FROM THE FLOOR:EVERY PARTY conference is run for a specific purpose, and every one therefore has a mood all of its own. This SDLP conference was no different. Party handlers were initially worried that organising two SDLP conferences in 10 months, with all its attendant costs and a £50 (€57) bill for the conference dinner, might be a mistake – especially in a recession.
But they also felt there was, and remains, a pressing need for this party, with its new leader, to reinvigorate itself ahead of two crucial elections next May.
On the evidence of the weekend they need not have worried. The delegates turned out to hear Margaret Ritchie make herself perfectly clear on a few issues.
She insisted there is no blurring of the clear distinctions between them and Sinn Féin and there would be no early rush to merge with any of the main southern parties. There has always been a small but detectable strain of opinion within the SDLP that its work was pretty much concluded on Good Friday 1998 and there remained little still to achieve.
It was never a majority view, and it seems even more in the minority now. Assembly arithmetic dictates that the SDLP now stands on a pivotal point and the party’s fortunes could tip either way. Many delegates have long wondered how, after spending the past 40 years doing the “right thing” they have been rewarded with electoral decline. This conference seemed to indicate they have had enough of that. And so there was much thoughtful discussion about the future of nationalism, the prospects for Irish unity and what it could all mean.

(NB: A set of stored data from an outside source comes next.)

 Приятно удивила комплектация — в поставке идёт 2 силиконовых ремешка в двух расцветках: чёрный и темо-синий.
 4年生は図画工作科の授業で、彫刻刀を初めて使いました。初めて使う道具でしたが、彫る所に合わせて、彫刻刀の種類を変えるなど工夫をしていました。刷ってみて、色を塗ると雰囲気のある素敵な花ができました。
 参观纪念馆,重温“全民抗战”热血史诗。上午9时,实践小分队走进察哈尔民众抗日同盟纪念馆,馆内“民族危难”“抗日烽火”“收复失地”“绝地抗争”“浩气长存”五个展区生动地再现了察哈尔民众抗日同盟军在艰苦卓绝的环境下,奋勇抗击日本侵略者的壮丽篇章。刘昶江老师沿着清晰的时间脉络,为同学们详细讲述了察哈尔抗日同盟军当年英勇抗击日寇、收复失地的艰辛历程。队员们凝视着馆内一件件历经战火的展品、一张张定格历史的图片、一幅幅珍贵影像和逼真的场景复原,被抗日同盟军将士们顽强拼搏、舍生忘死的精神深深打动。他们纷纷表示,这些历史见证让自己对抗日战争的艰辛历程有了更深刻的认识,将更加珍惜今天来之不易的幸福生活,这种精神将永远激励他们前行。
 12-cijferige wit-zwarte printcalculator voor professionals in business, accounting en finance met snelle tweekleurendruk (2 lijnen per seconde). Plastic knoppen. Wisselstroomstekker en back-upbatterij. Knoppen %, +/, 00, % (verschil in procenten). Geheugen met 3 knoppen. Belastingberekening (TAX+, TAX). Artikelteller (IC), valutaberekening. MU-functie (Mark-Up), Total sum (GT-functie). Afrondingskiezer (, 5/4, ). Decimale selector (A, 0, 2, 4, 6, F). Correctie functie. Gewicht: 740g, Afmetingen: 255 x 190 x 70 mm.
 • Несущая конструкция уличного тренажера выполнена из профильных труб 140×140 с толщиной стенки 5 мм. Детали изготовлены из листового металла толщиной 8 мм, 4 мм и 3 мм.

Senior figures from Fianna Fáil, Fine Gael and Labour all shared the same platform without once, mercifully, venturing onto the desperate territory of the State’s finances and who is to blame. There were also some signs of the creeping normality of politics that has flowed almost imperceptibly from the new politics post-Belfast Agreement.

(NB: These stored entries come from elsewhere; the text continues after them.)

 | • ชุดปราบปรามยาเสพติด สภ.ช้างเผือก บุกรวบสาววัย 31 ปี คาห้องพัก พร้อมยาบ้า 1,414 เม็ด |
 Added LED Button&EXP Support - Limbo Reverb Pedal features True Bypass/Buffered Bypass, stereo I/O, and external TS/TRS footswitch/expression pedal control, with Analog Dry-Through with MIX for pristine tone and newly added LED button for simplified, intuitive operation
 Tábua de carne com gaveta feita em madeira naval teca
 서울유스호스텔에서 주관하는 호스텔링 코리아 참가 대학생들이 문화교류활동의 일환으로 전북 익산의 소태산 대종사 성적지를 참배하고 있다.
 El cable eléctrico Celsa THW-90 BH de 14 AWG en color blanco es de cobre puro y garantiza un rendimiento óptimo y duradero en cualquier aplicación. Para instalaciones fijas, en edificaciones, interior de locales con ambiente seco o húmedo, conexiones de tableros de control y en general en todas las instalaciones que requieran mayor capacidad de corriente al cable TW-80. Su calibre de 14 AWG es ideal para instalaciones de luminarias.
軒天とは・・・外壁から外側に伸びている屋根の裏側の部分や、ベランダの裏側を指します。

Presbyterian Moderator Norman Hamilton was there to discuss proposals to tackle sectarianism and division while Irish Timescolumnist David Adams, once a member of the loyalist Ulster Democratic Party joined a panel discussion on Irish unity. Twenty years ago that would have been impossible – not because either would not have wanted to attend, or because the party would not have wanted them. Rather there simply wasn't the political space, at least in public, for it to happen.